*Source material:*
..........

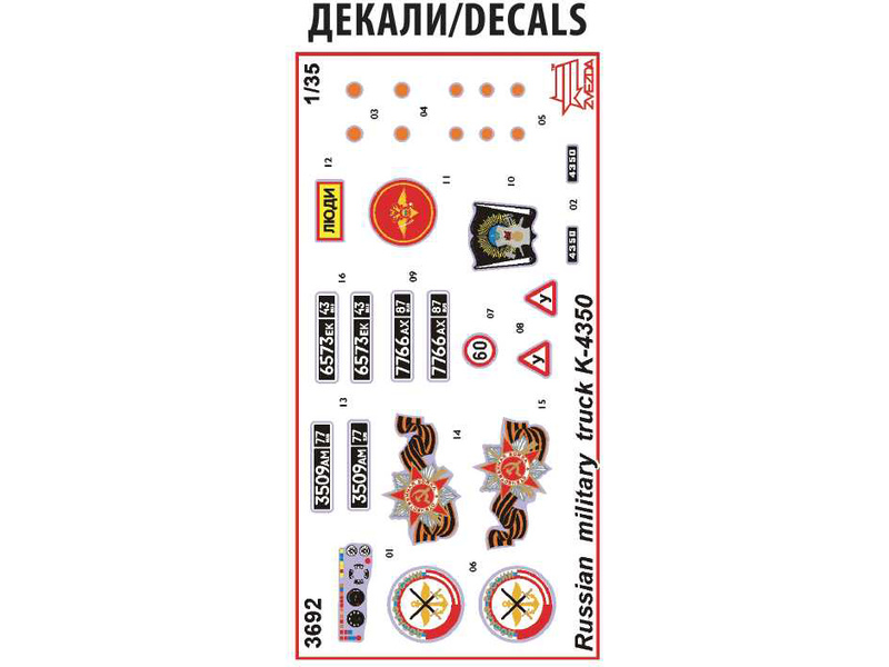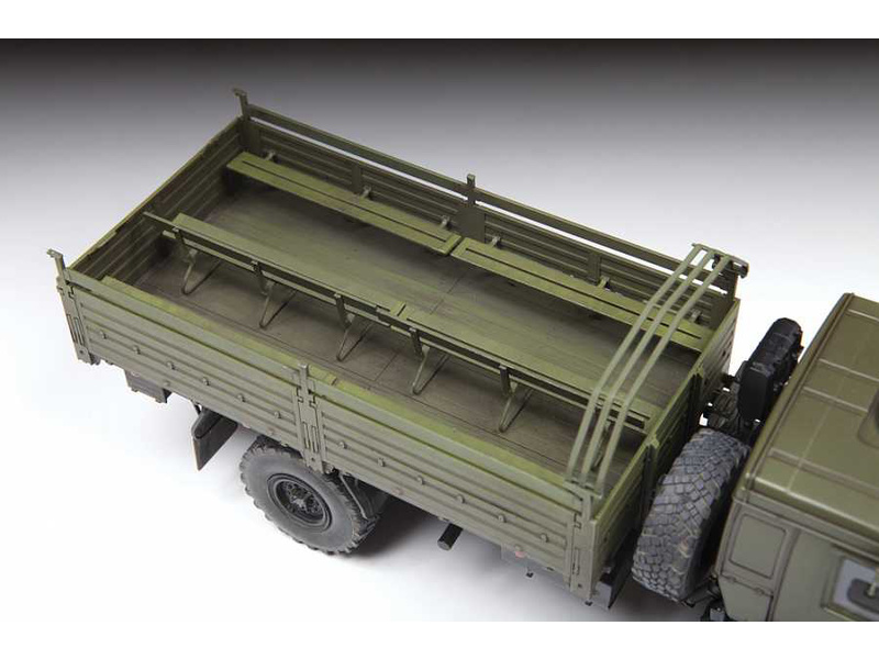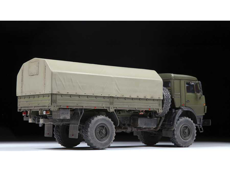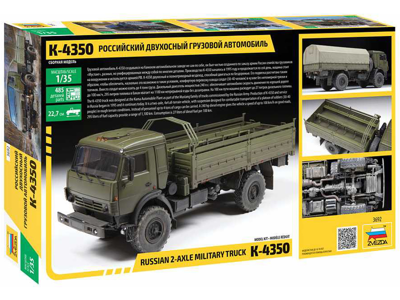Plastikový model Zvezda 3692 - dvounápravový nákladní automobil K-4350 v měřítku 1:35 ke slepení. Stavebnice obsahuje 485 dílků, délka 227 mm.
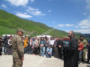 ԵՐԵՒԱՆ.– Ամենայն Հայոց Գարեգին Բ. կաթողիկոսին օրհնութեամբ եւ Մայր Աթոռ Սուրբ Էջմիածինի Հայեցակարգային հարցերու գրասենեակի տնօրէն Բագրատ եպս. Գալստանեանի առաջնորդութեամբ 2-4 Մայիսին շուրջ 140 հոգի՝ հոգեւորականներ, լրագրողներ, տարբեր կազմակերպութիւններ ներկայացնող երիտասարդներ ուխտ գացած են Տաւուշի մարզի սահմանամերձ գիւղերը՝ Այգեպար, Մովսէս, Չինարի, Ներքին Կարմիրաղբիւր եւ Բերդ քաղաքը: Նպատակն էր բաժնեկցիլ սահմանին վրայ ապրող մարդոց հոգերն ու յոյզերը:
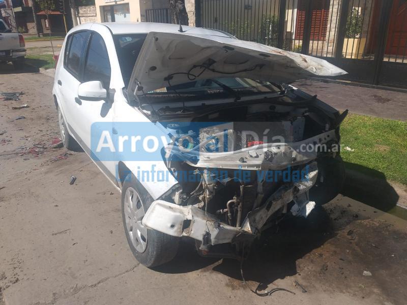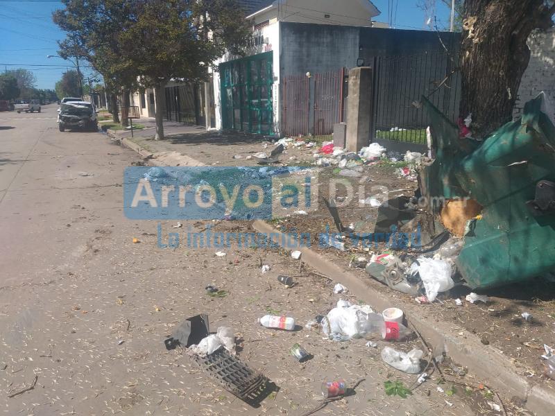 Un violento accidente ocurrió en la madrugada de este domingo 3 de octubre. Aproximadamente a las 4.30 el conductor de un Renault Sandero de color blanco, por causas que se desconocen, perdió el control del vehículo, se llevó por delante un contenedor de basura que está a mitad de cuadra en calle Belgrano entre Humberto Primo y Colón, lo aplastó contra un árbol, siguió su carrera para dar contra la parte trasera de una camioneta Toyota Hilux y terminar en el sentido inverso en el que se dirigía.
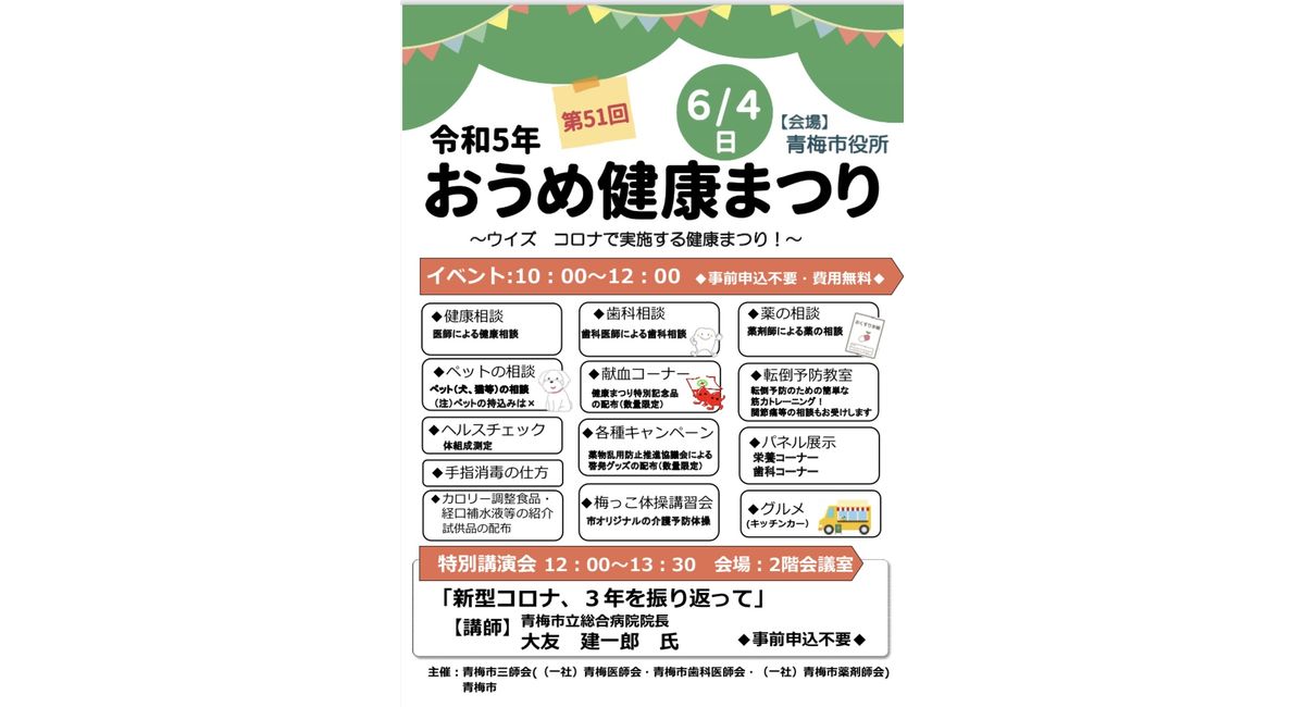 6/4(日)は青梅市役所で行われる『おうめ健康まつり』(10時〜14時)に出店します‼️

..........

*Task to carry out:*
Return the material line for line, from its beginning to the line that contains "ԵՐԵՒԱՆ.– Ամենայն Հայոց", with the pictures left out.

*Output below:*
Plastikový model Zvezda 3692 - dvounápravový nákladní automobil K-4350 v měřítku 1:35 ke slepení. Stavebnice obsahuje 485 dílků, délka 227 mm.
 ԵՐԵՒԱՆ.– Ամենայն Հայոց Գարեգին Բ. կաթողիկոսին օրհնութեամբ եւ Մայր Աթոռ Սուրբ Էջմիածինի Հայեցակարգային հարցերու գրասենեակի տնօրէն Բագրատ եպս. Գալստանեանի առաջնորդութեամբ 2-4 Մայիսին շուրջ 140 հոգի՝ հոգեւորականներ, լրագրողներ, տարբեր կազմակերպութիւններ ներկայացնող երիտասարդներ ուխտ գացած են Տաւուշի մարզի սահմանամերձ գիւղերը՝ Այգեպար, Մովսէս, Չինարի, Ներքին Կարմիրաղբիւր եւ Բերդ քաղաքը: Նպատակն էր բաժնեկցիլ սահմանին վրայ ապրող մարդոց հոգերն ու յոյզերը:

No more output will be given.